The VHL gene spans 10 kb and is composed of three exons.

The VHL gene encodes a 4.7 kb mRNA which is widely expressed in both foetal and adult tissues. An alternatively spliced VHL transcript has been detected reflecting the absence of exon 2 (isoform II) but no endogenous associated protein has been reported.

The full-length VHL protein, pVHL, contains 213 amino-acids (28-30 kDa) ("pVHL30") A second major VHL-gene product arises by internal translation initiation from the codon 54 methionine, producing a 160 amino-acid protein (18-19 kDa) ("pVHL19").

pVHL is widely expressed in both foetal and adult human tissues.

The pVHL is largely a cytoplasmic protein but appears to shuttle between the cytoplasm and nucleus.

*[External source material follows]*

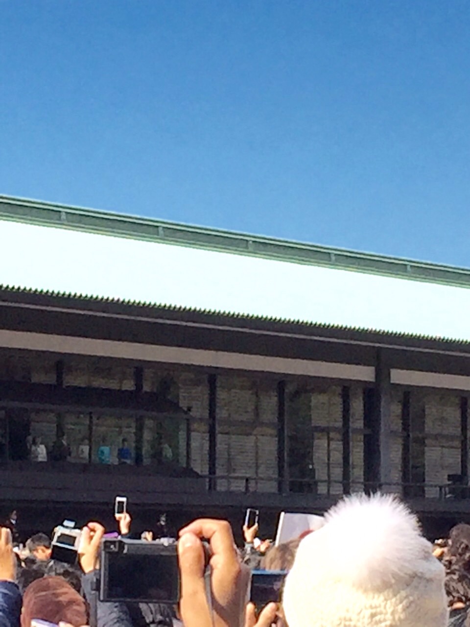 とにかく人が多いです。行列に並んで待って、やっとたどりついて、また待って。トイレも行けないし、飲食禁止、座り込んでもダメなので我慢です。天皇家の皆様が出てこられても遠くで小さく見えただけでした。お声を聞いて、雰囲気を味わえたので良しとします。
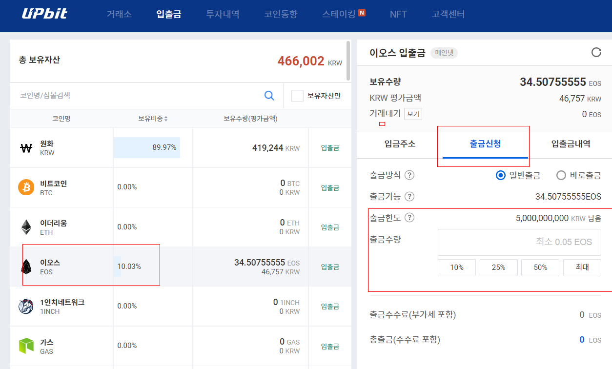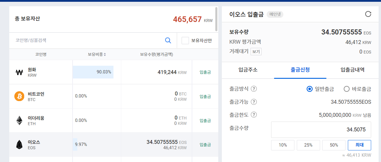 출금 신청에서 내가 가지고있는 이오스 수량을 선택한후 밑에 확인 버튼을 누른다

pVHL interacts with three other proteins, elongin C and B and Cullin 2 (CUL2), in a complex referred to as VCB-CUL2. pVHL has two main structural domains: an N-terminal domain composed mainly of b-sheets (the b domain) and a smaller C-terminal domain between aminoacids 155-192 composed mainly of a helices (a-domain). The a domain consists of three a helices that combines with a fourth a helice donated by elongin C. The b-domain is on the opposite side of the a domain and is free to contact other protein.

VHL and angiogenesis
A main function of the pVHL is to negatively regulate hypoxia-inducible mRNAs such as the mRNA encoding VEGF, EPO, PDGF and the glucose-transporter GLUT-1. pVHL plays a critical role in targeting the hypoxia-inducible transcription factor HIF-1a for degradation by the proteasome. HIF-1a contribute to form the HIF-1 transcriptional complex responsible for activation of genes involved in metabolism, angiogenesis and apoptosis. The VCB-CUL2 complex has been demonstrated as a ubiquitin-ligase system presenting many similarities with the SCF system ("Skp1-CUL1-Fbox protein"). HIF is normally degraded under normoxic conditions and binding to VHL is dependent on hydroxylation of Pro 564 in HIF-1a (Figure 1). When the VHL gene is mutated, absence of HIF degradation is responsible for abnormal accumulation of VEGF and other hypoxia-inducible mRNA explaining the angiogenic phenotype of VHL tumours.
pVHL may also downregulate VEGF production by direct binding and inhibiting to the transcriptional activator SP1.
In homozygous VHL knock-out mice, embryos will die early because of a major disorder of placental vasculogenesis .

Other functions
pVHL plays a role in
1- ability of cells to exit the cell cycle and enter the quiescent state.
2- assembly of extracellular fibronectin matrix.
3- degradation of TGFa LYT10, TGFb, and carbonic anhydrases CA9 and CA12.
4- regulation of the urokinase-type plasminogen activator system.
5- inhibition of the hepatocyte growth factor-induced invasion in renal cell carcinoma.
6- a direct interaction with atypical protein kinase C (PKC) z and l has also recently been demonstrated.
Thus, VHL appears as a multifunctional gene and may play a gatekeeper role specially in kidney.

The primary sequence structure of pVHL shows minimal homology to any know protein but evolutionary conservation of the pVHL is very strong except for the first 53 amino acids.

Germline mutations cause von Hippel-Lindau disease. VHL mutations are heterogeneous and distributed widely throughout the coding sequence except 5 for the translation initiation site for pVHL19. There is a few recurrent mutations and only one founder effect is known, originating from Germany (T292C resulting in a Tyr98His substitution).
Point mutations occur in about 60% of cases (Figure 2) and large deletions in about 40%. VHL 1 (without pheochromocytoma) is mainly produced by mutations responsible for truncated protein (deletions, frameshift mutations and nonsense mutations). VHL type 2 (with high risk of pheochromocytoma) is mainly produced by missense mutations. Type 2B is the potentially "full" form of the disease (frequent mutations: Arg167Gln, Arg167Trp). Type 2A is associated with a very low risk of clear cell renal cell cancer (RCC) (common mutation: Tyr98His). Type 2C is characterized by the occurrence of pheochromocytoma only (example: Leu188Val).
Between 10 and 15% of cryptic VHL cases could be explained by de novo mutations and there are some cases of germline mosaicism.
There is some evidence that genetic modifiers may influence the phenotypic expression of the disease.

Mutations are encountered in 60 % of sporadic clear cell RCC. In addition, 15% of tumours show evidence of inactivation by methylation. VHL alterations have been associated with occupational exposure to trichlorethylene.
Somatic mutations are also frequent in CNS sporadic hemangioblastoma but rarer in sporadic endolymphatic sac tumours, pancreatic serous cystadenomas and endocrine tumours, epididymal cystadenomas and pheochromocytomas.